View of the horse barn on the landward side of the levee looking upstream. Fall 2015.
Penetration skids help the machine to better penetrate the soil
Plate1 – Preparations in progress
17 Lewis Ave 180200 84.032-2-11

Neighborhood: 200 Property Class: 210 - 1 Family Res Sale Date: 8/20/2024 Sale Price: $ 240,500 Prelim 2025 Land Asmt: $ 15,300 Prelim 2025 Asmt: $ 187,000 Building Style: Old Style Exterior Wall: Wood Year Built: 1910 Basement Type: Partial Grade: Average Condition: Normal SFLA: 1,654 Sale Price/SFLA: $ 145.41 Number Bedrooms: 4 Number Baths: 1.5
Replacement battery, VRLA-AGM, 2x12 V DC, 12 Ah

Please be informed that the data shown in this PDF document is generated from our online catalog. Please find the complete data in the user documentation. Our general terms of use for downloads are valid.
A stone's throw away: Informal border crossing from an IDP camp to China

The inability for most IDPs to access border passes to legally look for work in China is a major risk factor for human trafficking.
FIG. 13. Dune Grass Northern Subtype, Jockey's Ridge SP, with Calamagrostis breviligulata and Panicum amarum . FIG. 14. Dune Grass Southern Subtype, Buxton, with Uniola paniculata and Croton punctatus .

...

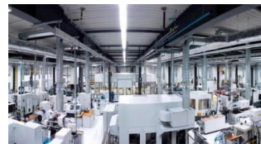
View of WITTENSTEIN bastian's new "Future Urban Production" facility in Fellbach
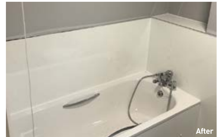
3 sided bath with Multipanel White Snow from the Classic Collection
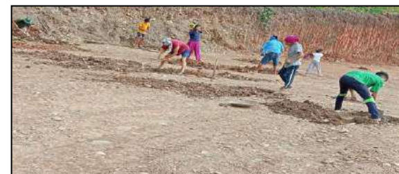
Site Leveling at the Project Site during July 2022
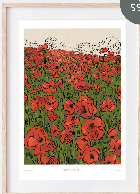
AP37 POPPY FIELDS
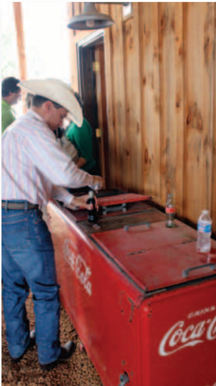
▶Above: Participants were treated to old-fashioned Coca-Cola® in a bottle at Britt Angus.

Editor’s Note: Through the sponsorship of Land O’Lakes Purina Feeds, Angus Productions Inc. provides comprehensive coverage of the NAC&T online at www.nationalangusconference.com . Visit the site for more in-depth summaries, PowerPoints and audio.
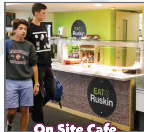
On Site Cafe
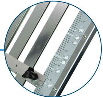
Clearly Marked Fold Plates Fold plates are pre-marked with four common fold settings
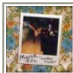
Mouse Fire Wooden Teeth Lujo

● **Task prompt**:
In the material above, which lines fall between the one holding "at Britt Angus." and the one holding "Mouse Fire Wooden Teeth Lujo", inclusive? Print exactly those, with the pictures left out.

● **Answer box**:
▶Above: Participants were treated to old-fashioned Coca-Cola® in a bottle at Britt Angus.

Editor’s Note: Through the sponsorship of Land O’Lakes Purina Feeds, Angus Productions Inc. provides comprehensive coverage of the NAC&T online at www.nationalangusconference.com . Visit the site for more in-depth summaries, PowerPoints and audio.
On Site Cafe
Clearly Marked Fold Plates Fold plates are pre-marked with four common fold settings
Mouse Fire Wooden Teeth Lujo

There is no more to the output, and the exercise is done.